There is no arguable ground on which the Claimant’s appeal might succeed

[10] The General Division had to decide whether the Claimant qualified for EI benefits based on all the legal requirements.

[11] Some of the Claimant’s arguments sound as though she is arguing that—given her special circumstances—the General Division should have found a way to bend some of those requirements so that she could be paid EI benefits.

[12] Alas, the General Division has no power to overlook the relevant legal requirements, even in compassionate and deserving cases.

[13] This argument has no reasonable of success.

[14] Viewed from a different angle, the Claimant also seems to be arguing that the General Division didn't consider all the issues that she had raised. Specifically, she argued that her special circumstances ought to justify reactivating or extending her first claim for EI benefits (that is, the one from September 2020 to September 2021).

[15] I share the Claimant’s concern about how this question might have gone unanswered (by the Commission and by the General Division). However, it does not give the Claimant’s appeal a reasonable chance of success.

[16] First, the General Division’s jurisdiction was limited to the issues that the Commission decided in its reconsideration decision.Footnote 6 Since the Commission didn’t make a decision about resuscitating or extending the Claimant’s first EI claim, the General Division couldn’t decide that issue either.

[17] Second, the Claimant hasn’t pointed to any legal provision in support of her argument. Similarly, I am not aware of any provision that allows the extension of a benefit period in these circumstances, even among the temporary measures introduced in response to the COVID‑19 pandemic.

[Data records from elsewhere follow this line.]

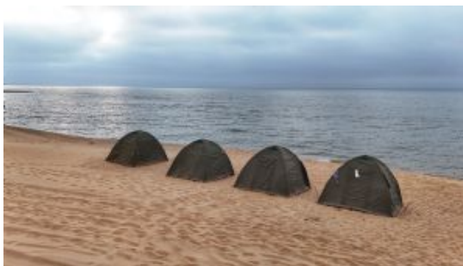
Acampada Iona National Park
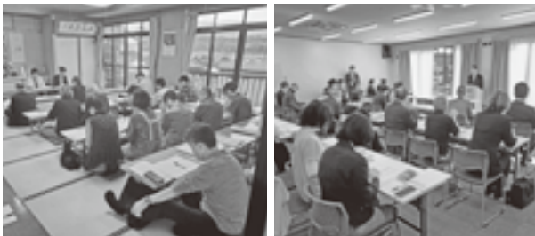
支部総会始まる(左 座光寺支部 右 松尾支部)

支部の定期総会が4月25日（木）の座光寺・竜丘・松尾の3支部を皮切りに、4月26日（金）には三穂支部で開催され、事業・決算報告、事業計画・予算案に加えて、今期は役員改選の年にあたるため、各支部新役員が承認され、新たな体制での活動がスタートしました。総会終了後には懇親会も開催され、会員同士等の交流の場となりました。今年度も各支部での活発な動きが期待されます。
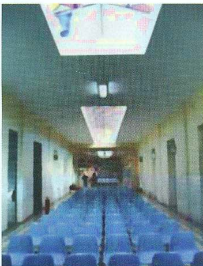
(3) Aberturas de las claraboyas

La ventilación introduce aire exterior en un edificio o una habitación y distribuye el aire dentro del edificio o la habitación. El propósito general de la ventilación de los edificios es sanear el aire que se respira diluyendo los contaminantes que se originan en el edificio y evacuándolos. Para ventilar un edificio se pueden utilizar tres métodos: ventilación natural, ventilación mecánica y la ventilación híbrida.
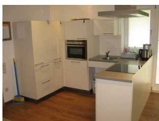
Ausstattung in der Küche.

[18] As a result, this argument has no reasonable chance of success.

[19] Aside from the Claimant’s arguments, I also reviewed the file, listened to the audio recording of the General Division hearing, and examined the General Division decision.Footnote 7 The General Division summarized the law and used evidence to support its decision. I did not find evidence that the General Division might have ignored or misinterpreted.

Conclusion

[20] I have concluded that the Claimant’s appeal has no reasonable chance of success. I have no choice, then, but to refuse permission to appeal. This means that the appeal will not proceed.